Depending on the circumstances of your divorce, asset division is often very complicated. This is especially true when it comes to cryptocurrency, which has become a hot commodity for many investors based on its high gains.
If you or your spouse purchased cryptocurrency during the course of the marriage, it will likely get included within your divorce agreement. Here are a few important points to keep in mind when working through assets for division.
How is value determined?
The value of cryptocurrency is extremely volatile. Even if you can pin down an accurate value, it is likely that value will change over years, months, or even weeks. Because you cannot predict how much a crypto investment will lose or gain, you must include specific terms regarding the division of this asset within your divorce agreement.
This entails determining an initial value, but also developing a strategy for dividing this asset should it change over time, usually by naming a percentage change that would trigger a difference in how to divide cryptocurrency.

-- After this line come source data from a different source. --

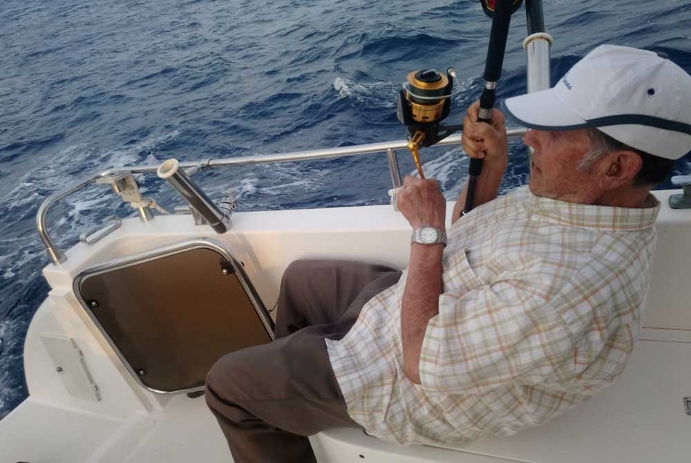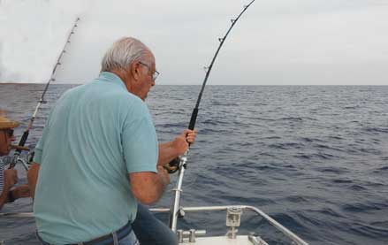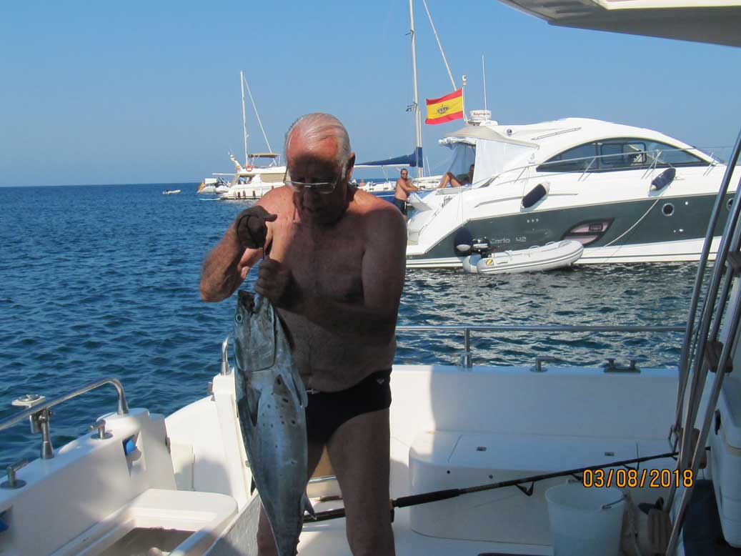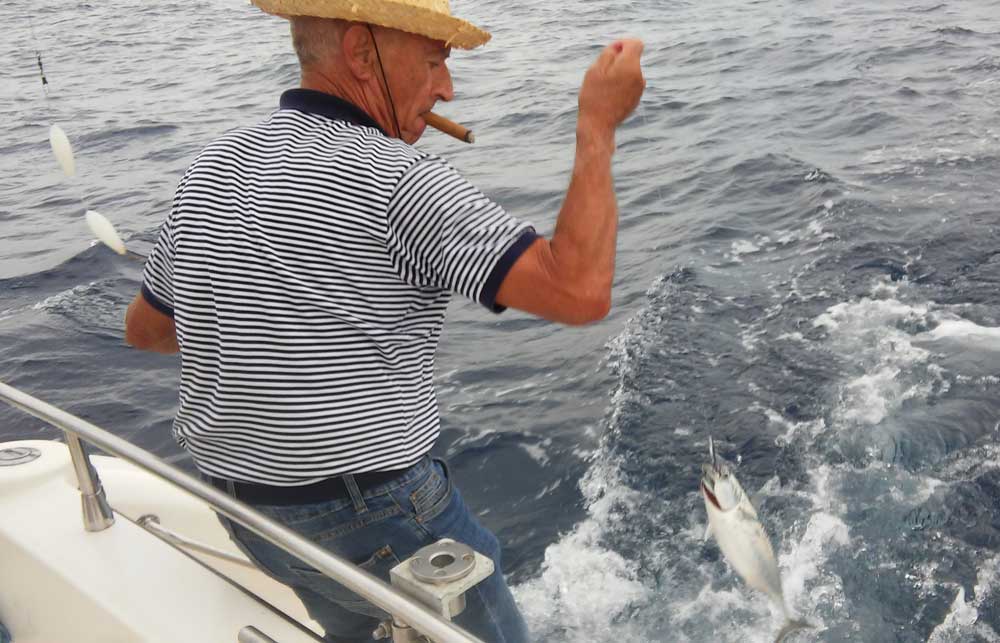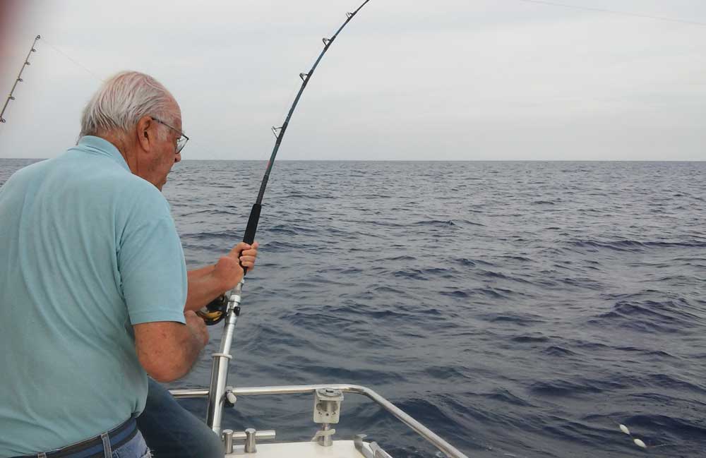 Ese día pescaba al curricán en solitario. Ya de vuelta, puso rumbo a Tabarca. En ese momento recibió una fuerte picada en la caña de estribor en el momento de estar girando el barco. Siguió girando despacio, de 20 en 20 grados con el piloto automático, hasta que por la proa tuvo la isla.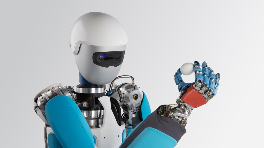 - David features variable stiffness actuation, enabling flexible response to environmental interactions., Designed for research, particularly in control methods for variable stiffness robots., Current focus includes exploring methods for self-awareness and complex task execution., The robot's design allows for individualized finger joint control, enhancing dexterity.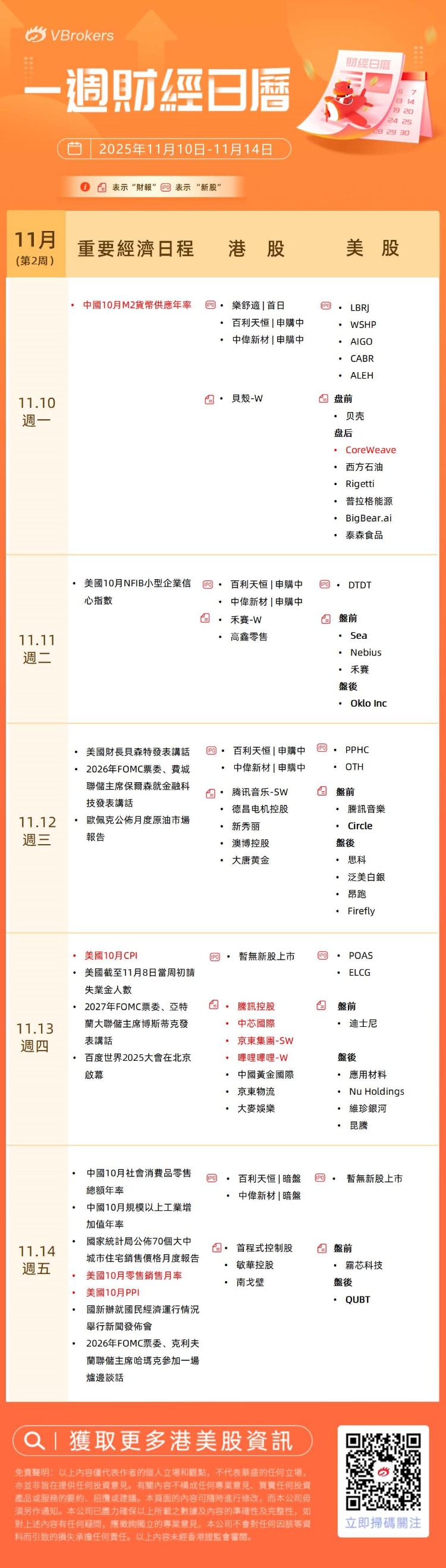 编者按:财报重磅周!腾讯、京东、中芯国际下周四公布业绩;美国10月CPI携零售数据来袭!美国政府能否结束停摆?数据还能否如期公布;乐舒适下周一上市。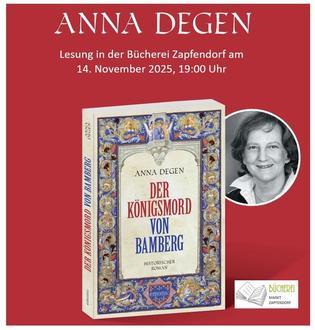 Am Freitag, den 14. November 2025, lädt die Bücherei Zapfendorf zu einem besonderen literarischen Erlebnis ein: Die Autorin Anna Degen (besser bekannt als Karin Dengler-Schreiber) präsentiert ihren mitreißenden historischen Roman „Der Königsmord von Bamberg“.

How do you transfer these assets?
Asset transfer is often more complicated than with similar assets, such as stocks and bonds. This is because many people purchase and hold cryptocurrency on a personal level, meaning there is no financial entity like an investment company overseeing the transaction. Then there is the issue of security, as encrypted keys and passcodes must not fall into the wrong hands or both parties could lose out.
While very complex, it is possible to divide cryptocurrency fairly and equitably during divorce. The more information you have going into the process, the less stress you will experience during the asset division phase.